Greetings, my blog readers!
This is my first post in 2018. In this post I will share with you a very simple way of performing inference using Approximate Bayesian Computation (ABC) – not to be confused with Approximate Bootstrap Confidence interval, which is also “ABC”.
Let’s say we have observed some data, and are interested to test if there was a change in behaviour in whatever generated the data. For example, we could be monitoring the total amount that is spent/transferred from some account, and we would like to see if there was a shift in how much is being spent/transferred. Figure below shows what the data could look like. After we have eye-balled the graph, we think that all observations after item 43 belong to the changed behaviour (cutoff=43), and we separate the two by colour.

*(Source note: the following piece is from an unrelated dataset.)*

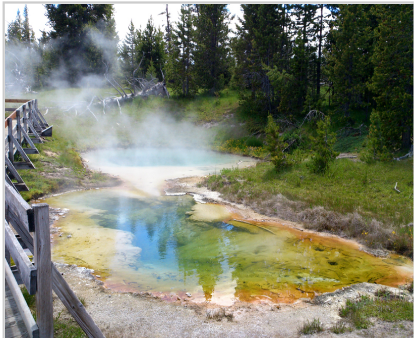
• 黃石公園內五顏六色的溫泉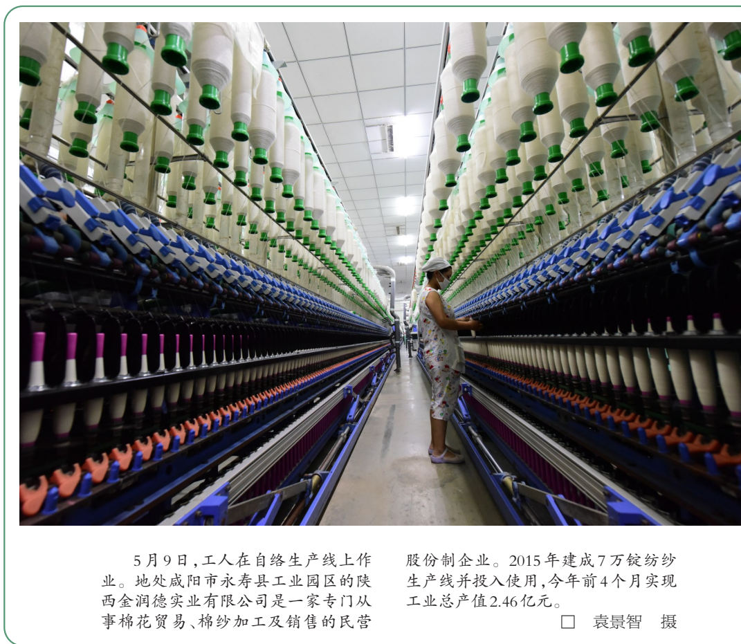
5月9日,工人在自络生产线上作业。地处咸阳市永寿县工业园区的陕西金润德实业有限公司是一家专门从事棉花贸易、棉纱加工及销售的民营企业。2015年建成7万锭纺纱生产线并投入使用,今年前4个月实现工业总产值2.46亿元。

The first question that we can ask is about the means of the blue and the red regions: are they the same? In the figure above I am showing the mean and standard deviations for the two sets. We can run a basic bootstrap with replacement to check if the difference in the means is possibly accidental.
In the figure above basic_bootstrap generates a distribution of means of randomly sampled sets. The confidence interval is first computed as non-parametric. But a quick comparison with 95th CI using normal standard scores shows that the simulated and the non-simulated confidence intervals around the means are very close. Most importantly, the confidence intervals for the blue and red region means overlap, and thus we would have to accept the null hypothesis that the population means are the same and differences seen here are accidental.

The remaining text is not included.